HR future leader of the month: Alex Dobbie

HR magazine speaks to the future leaders of the function about what they think will shape it.

What are your main concerns in HR today?

I think we could all be more assertive around the value HR can add to the business. We need to be challenging, commercial and lean into every business conversation, rather than wait for the ‘people stuff’ to come up.

We should be businesspeople across all fields (legal, finance, marketing, commercial, operations). But our USP is that we happen to have a deep specialism in all things people and culture. We know our businesses inside out, and continually revisit our base assumptions of this by spending time with the frontline, so that we can make decisions and contributions with real knowledge and credibility.

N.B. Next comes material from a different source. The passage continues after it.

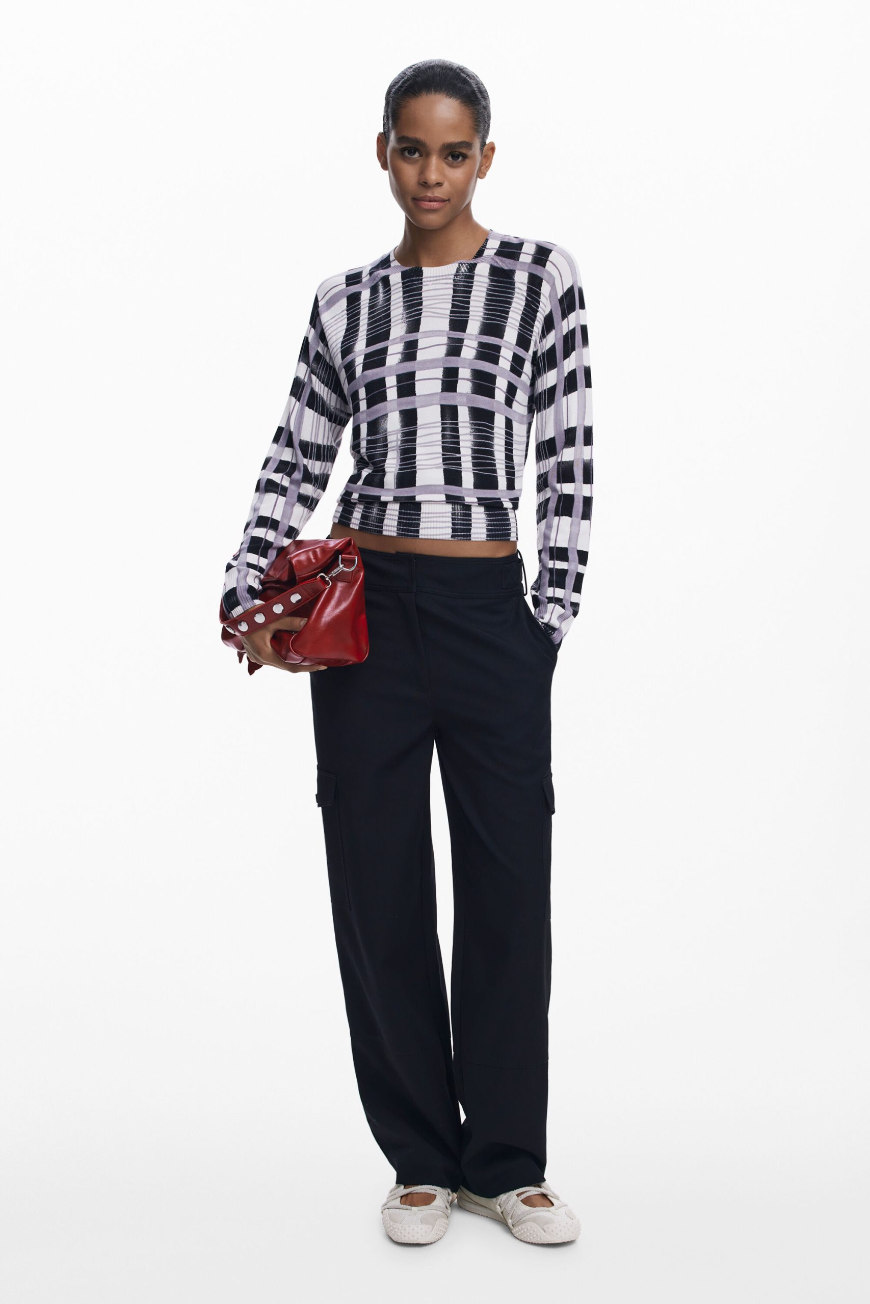 Lange cargobroek in tailormodel, met grote zakken op de pijpen en ritssluiting en knoop.

What will become more important for HR over the next five years?

It feels that we have been saying this for a long time, but we still need to prioritise our approach to diversity and inclusion. This is of particular focus now, with the global conversation underway regarding the contribution that women make and some of the barriers they still experience. In HR we need to take a hard objective look at ourselves to examine whether the processes we sit across are unconsciously part of the system that perpetuates this.

What subjects will HR still be tackling when you retire?

While the rise of AI is undoubtedly going to transform all of our lives, for me the value of human intervention will remain fundamental and businesses will need HR expertise more than ever.

A diverse workforce will be central to this and we will need to reclassify how we view diverse styles in the workplace. At the BBC we are really interested in neurodiversity, and whether there are specific initiatives we can put in place to encourage the recruitment of neurodivergent people. Research tells us that neurodivergent people often make the most engaged, productive employees. And from a creative perspective this is a huge untapped resource.

What do you plan to do to change HR for the better?

I’m not sure I could claim to do that! It would be good if, through the teams I work with, we manage to diversify HR and remove those barriers described above – so that we are looked upon as trusted strategic partners at the top level of our businesses while keeping our people specialism razor-sharp.

That starts with being confident in the contribution we can make across the whole business spectrum. But it’s also being aware that we all have a shared responsibility for the reputation of HR wherever we work, and for pushing the profession forward in all we do.